━━━ DATA PROVIDED

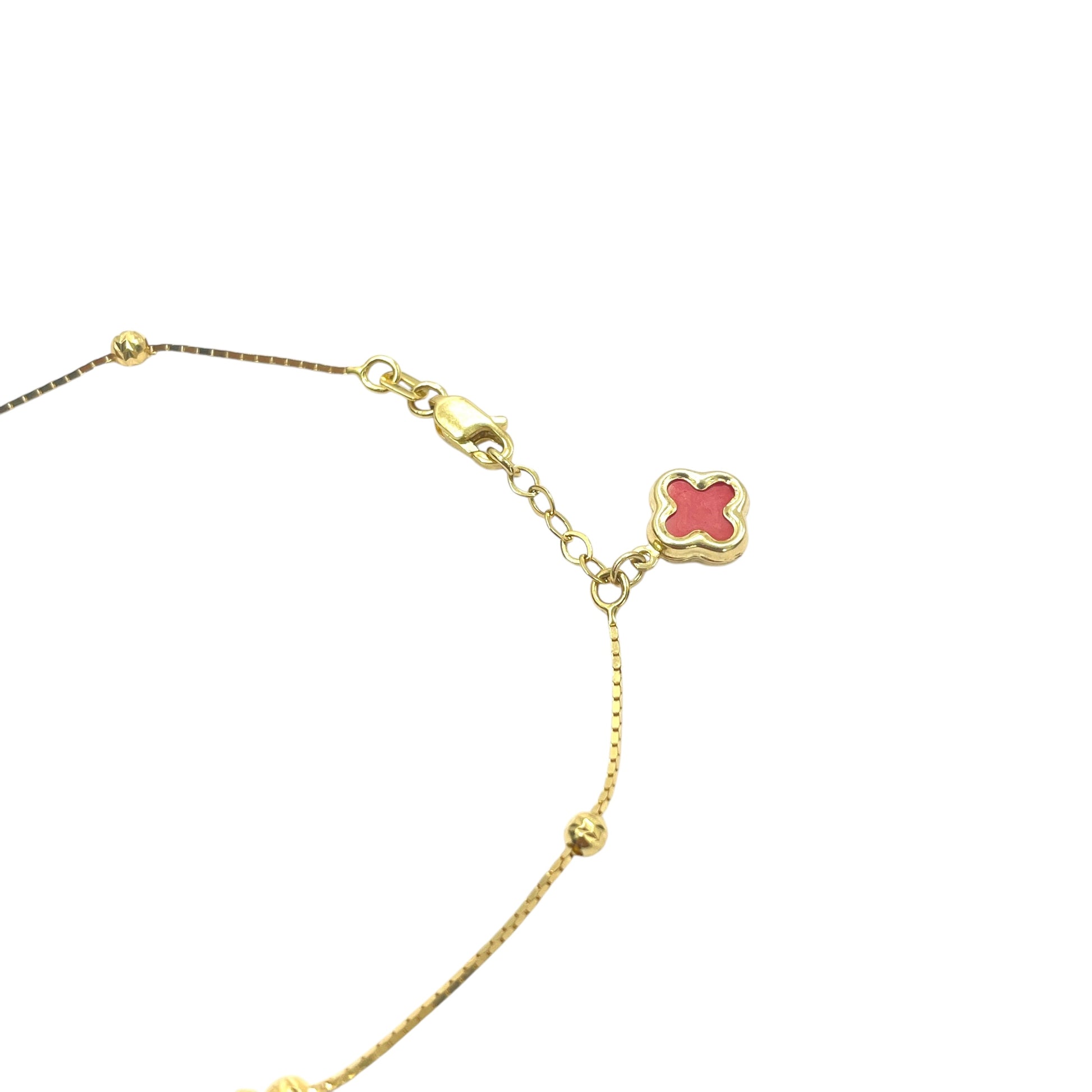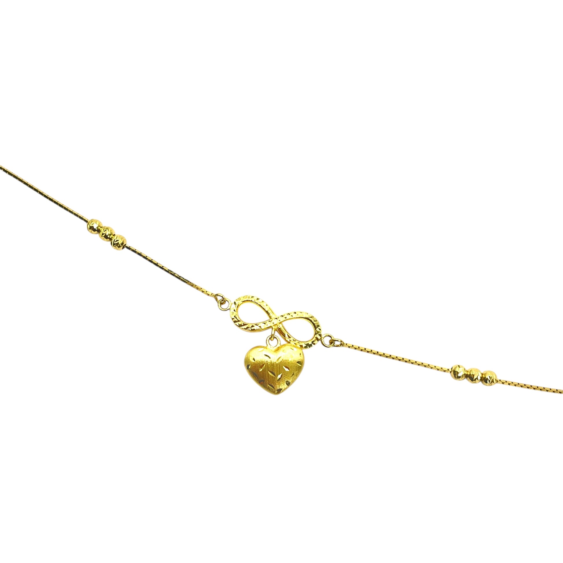 An infinity charm bracelet embellished with beads, a colored clover charm, and a heart. All in 14k solid yellow gold.
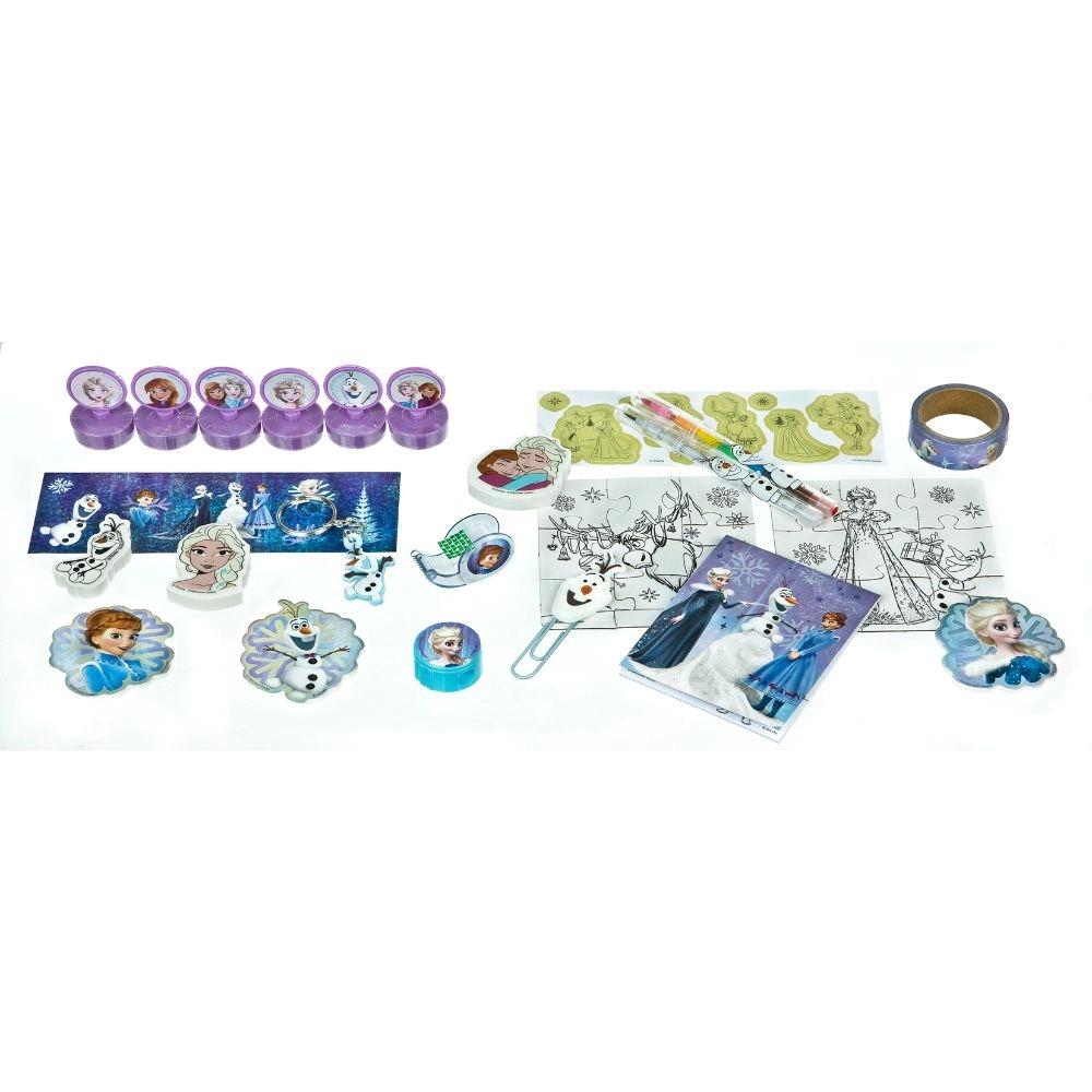 Vo vnútri nájdete pestrú zmes doplnkov a školských potrieb – od mini pečiatok a nálepiek až po zápisníček či tvarované gumy. Všetko zladené do zimného sveta FROZEN, aby bol každý deň adventu naozaj magický.
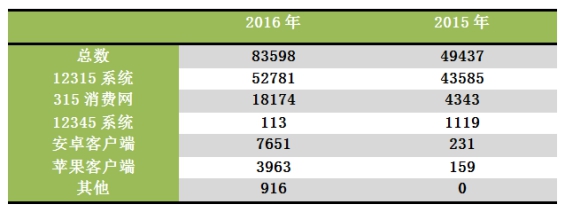 2016年,深圳市、區(qū)消委會共接受消費者投訴83598宗,比2015年的49437宗增長了69.10%,為消費者挽回損失2.1億元。其中,52781宗來源于12315系統,占63.13%;“315消費通”的網頁端、手機端、微信端已經成為另一消費者投訴主渠道,全年共接收消費者投訴30552宗,占36.55%,比去年的9.57%提高了27%。如表1所示。
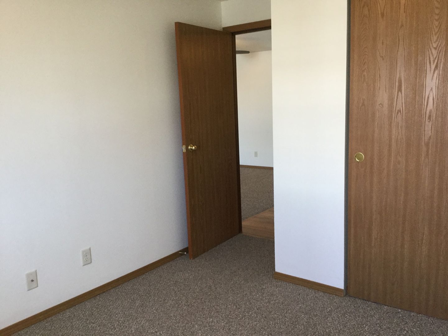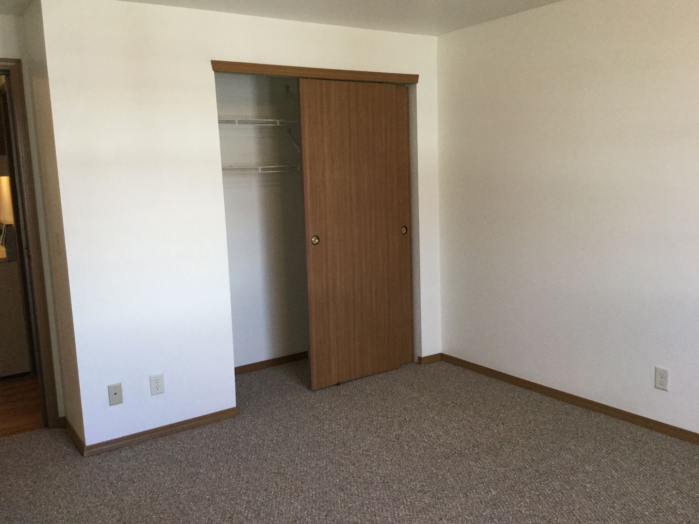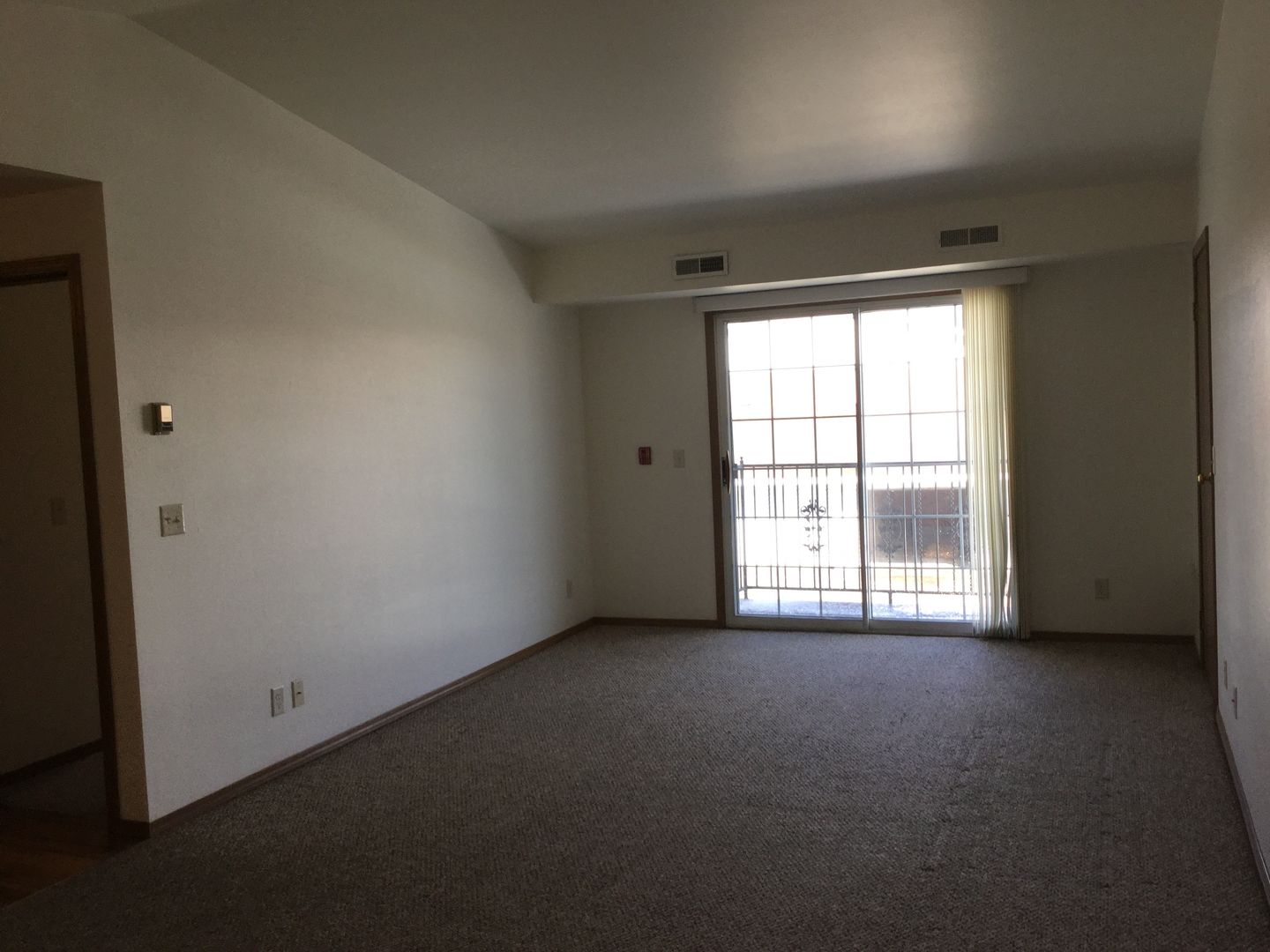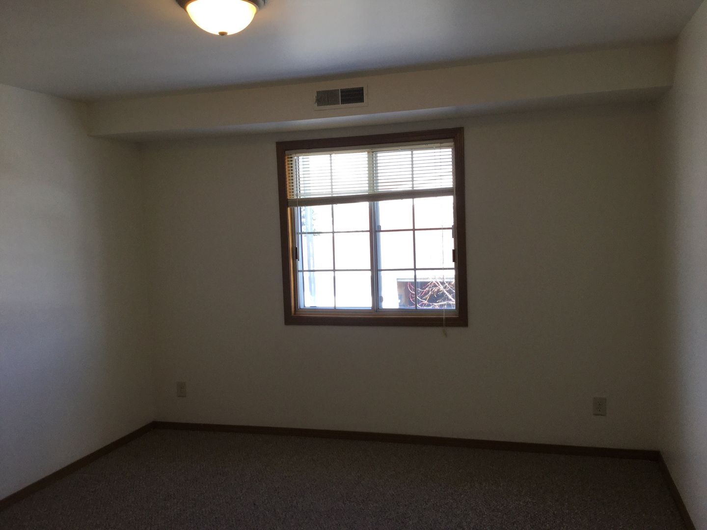 The apartment has a living/dining combination with vaulted ceiling, two bedrooms, one bath and garage.
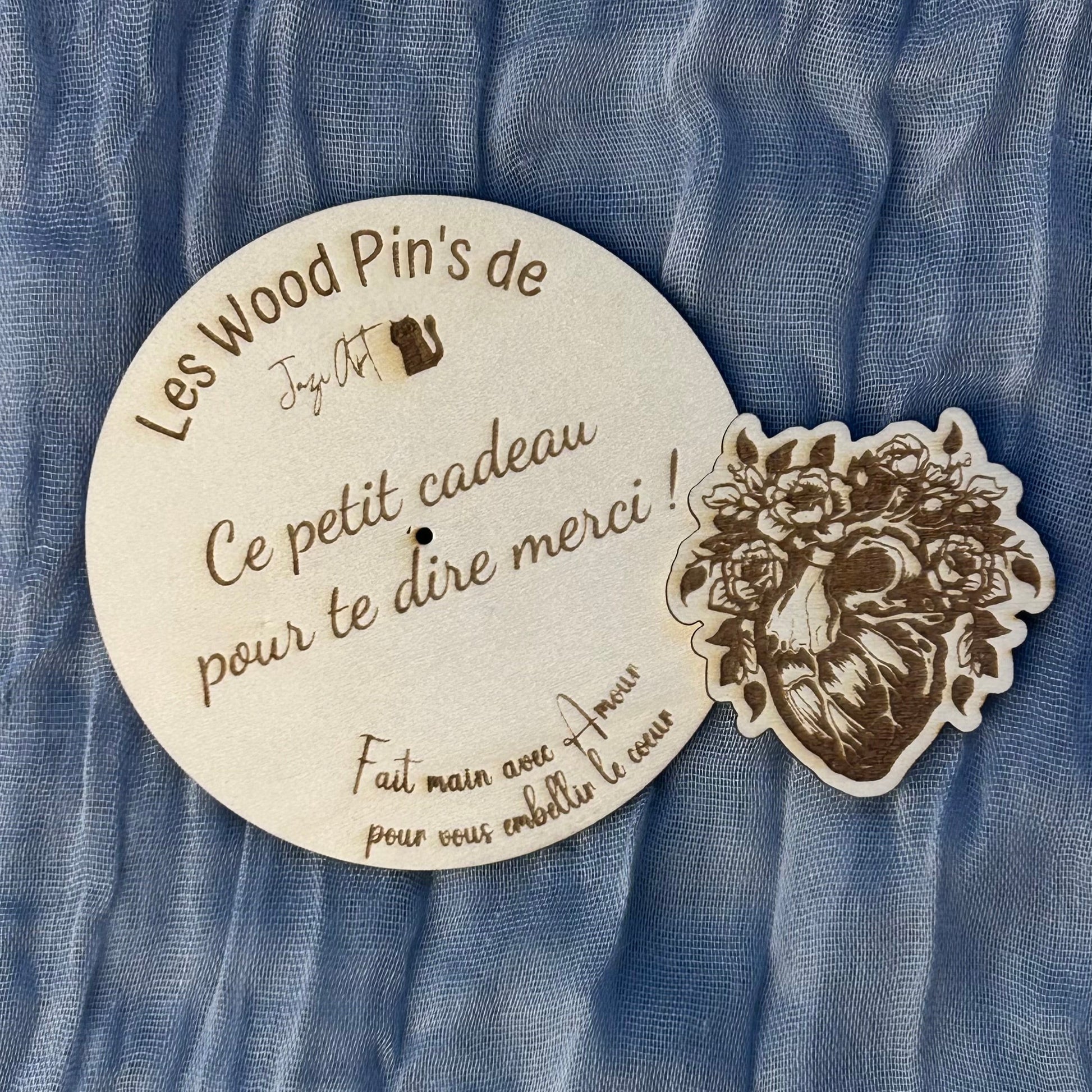 Ce pin’s en bois, gravé au laser, représente un cœur d’anatomie délicatement orné de fleurs, pour symboliser la beauté, la vie et l’émotion.
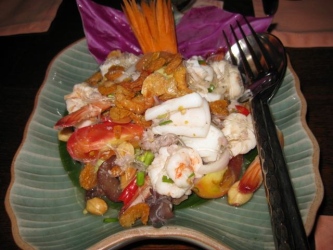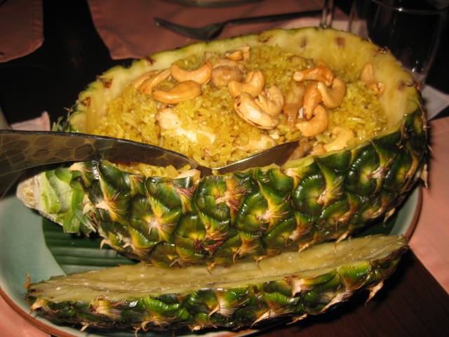 シーフードのサラダ。 次に登場したパイナップルの器に入った炒飯に子供達は大喜び!
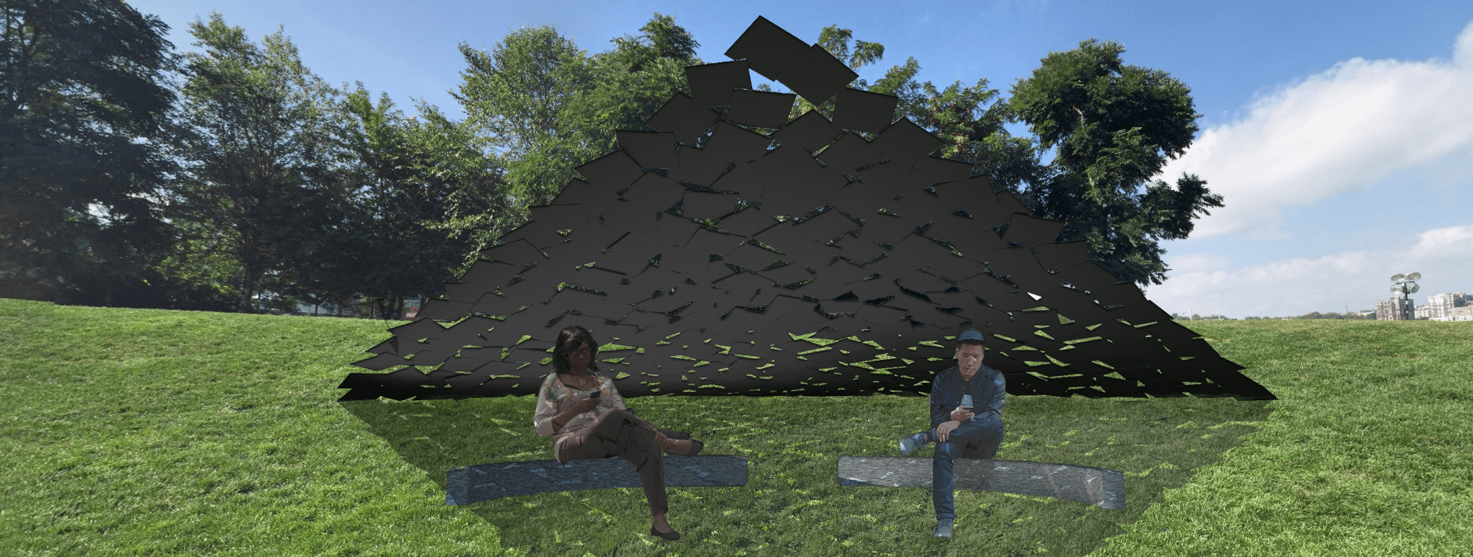 Sun Catcher is a dappling device that manipulates and harnesses the sun by creating a practical shaded space using biodegradable materials for the public on the lawn in Chelsea Piers. The task was to create an public installation for a

━━━━━━

### HOW TO COMPLETE THIS TASK:
Could you copy every record above exactly, leaving out the pictures?

### RESULT FOR THIS TASK:
 An infinity charm bracelet embellished with beads, a colored clover charm, and a heart. All in 14k solid yellow gold.
 Vo vnútri nájdete pestrú zmes doplnkov a školských potrieb – od mini pečiatok a nálepiek až po zápisníček či tvarované gumy. Všetko zladené do zimného sveta FROZEN, aby bol každý deň adventu naozaj magický.
 2016年,深圳市、區(qū)消委會共接受消費者投訴83598宗,比2015年的49437宗增長了69.10%,為消費者挽回損失2.1億元。其中,52781宗來源于12315系統,占63.13%;“315消費通”的網頁端、手機端、微信端已經成為另一消費者投訴主渠道,全年共接收消費者投訴30552宗,占36.55%,比去年的9.57%提高了27%。如表1所示。
 The apartment has a living/dining combination with vaulted ceiling, two bedrooms, one bath and garage.
 Ce pin’s en bois, gravé au laser, représente un cœur d’anatomie délicatement orné de fleurs, pour symboliser la beauté, la vie et l’émotion.
 シーフードのサラダ。 次に登場したパイナップルの器に入った炒飯に子供達は大喜び!
 Sun Catcher is a dappling device that manipulates and harnesses the sun by creating a practical shaded space using biodegradable materials for the public on the lawn in Chelsea Piers. The task was to create an public installation for a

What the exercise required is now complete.